Despite these perceptions, Dollinger says Namaste still has over half a million Australian customers for its products. He thinks the country is sitting where Canada was a few years ago in terms of softening of attitudes towards legalisation and medicinal cannabis use.
“We’re positioning ourselves for a future in Australia, and I think the industry is all about timing. If you look at Namaste and when we went public, we could not have timed it any better,” he says.
For other companies in Australia hoping to get in on the cannabis industry, Dollinger has a number of key pieces of advice, the first of which is never underestimate the amount of capital you’ll need to get started.
“You’ll need to have very deep pockets. Don’t underestimate how much capital is needed, and you’ll need to have a plan to grow sustainably as buyers fall in love with the product,” he says.
“Also make sure you’re making at least 50% gross margin on your product, otherwise you’re going to find it extremely hard.”
But more generally, for startups looking for new niche markets to go into, Dollinger warns against going into the cannabis growing space, even in Australia. Instead, he urges startups to think outside the box.

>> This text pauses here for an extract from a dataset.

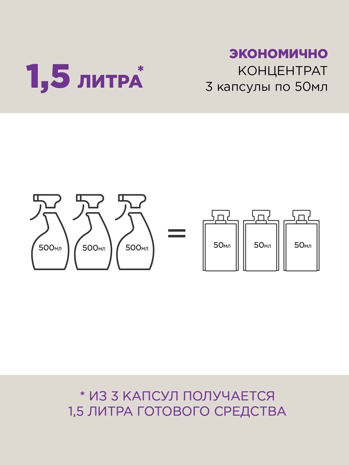 Универсальное средство для уборки дома EcoCaps (концентрат в капсулах) 3 шт + бежевый флакон 500 мл

“There’s plenty of people growing, so try and think of the added value you can bring to people and where you can have a specialty. I don’t encourage getting into the growing side — it’s called weed for a reason because it grows like one,” he laughs.
“I think there’s a big opportunity in home-grow kits, developing a turnkey solution for growing at home along with finding ways to get people cannabis pre-rolled once it’s legalised.”